Речь лейб-медика завела меня в пределы, неведомые мне. Отношения аристократа к разночинцу никогда до сих пор не занимали моих мыслей. Откуда было знать лейб-медику, что и я принадлежал к разряду тех, кого щадит аристократическая заносчивость? Разве не был я вхож в самые изысканные аристократические дома в Б., обожаемый, боготворимый духовник? Поразмыслив, я увидел, что вновь по-своему сплел свою судьбу, сказав пожилой придворной даме, что родился в Квечичеве; отсюда пошло мое дворянство, отсюда и мысль князя выдать Аврелию за меня.
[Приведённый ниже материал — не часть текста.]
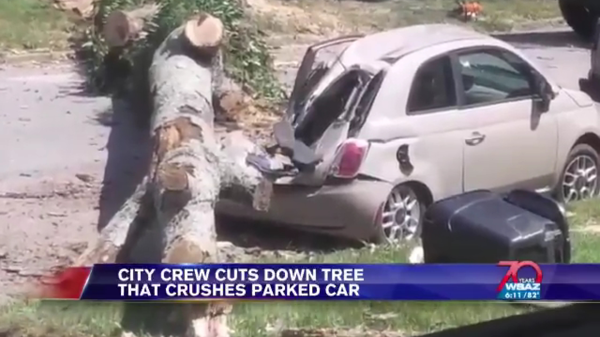It appears the tree was not done with vehicular destruction because when the city workers cut the thing down, it landed right on top of the Fiat city car that was parked nearby and owned by a female Marshall University student.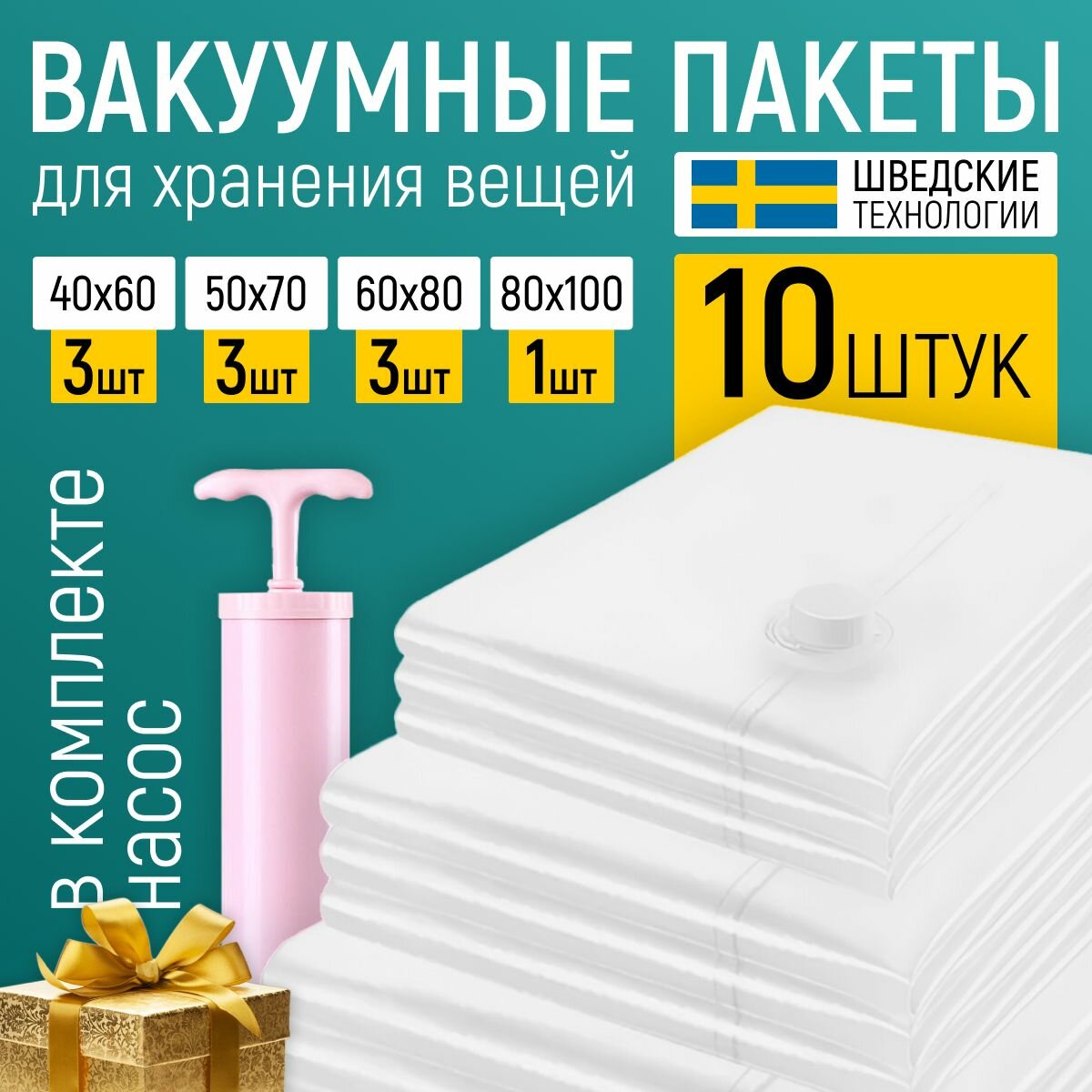 Вакуумные пакеты для одежды, 10 шт, с ручным насосом, с клапаном, прочные мешки для хранения вещей и путешествий: сравнение цен, характеристики, фото, актуальное наличие и цены.

Княгиня возвратилась. Я поспешил к Аврелии. Она приняла меня, восхитив нежным девичьим смущением; я заключил ее в объятия и подумал в этот миг, почему бы не стать ей моей женой. Слезы лучились в ее взоре, а голос трогательно просил прощения; так ведет себя капризный ребенок: он сам на себя сердится, нашалив. Я не мог забыть своего визита в загородный замок; я умолял Аврелию не скрывать от меня, что ее тогда ужаснуло. Она не отвечала, она закрыла глаза, а я, обуреваемый тошнотворной близостью моего двойника, вскричал:
― Аврелия! Ради всего святого, что за ужас привиделся тебе тогда позади нас?
Она посмотрела на меня, пораженная; взгляд ее постепенно застывал; потом она вскочила, словно собираясь бежать, однако осталась и всхлипнула, зажимая себе глаза руками:
― Нет, нет, нет, не он!
Я нежно удержал ее, она села, обессиленная.
― Кто, кто не он? ― настойчиво спрашивал я, хотя мне смутно передавалось все, что испытывала она.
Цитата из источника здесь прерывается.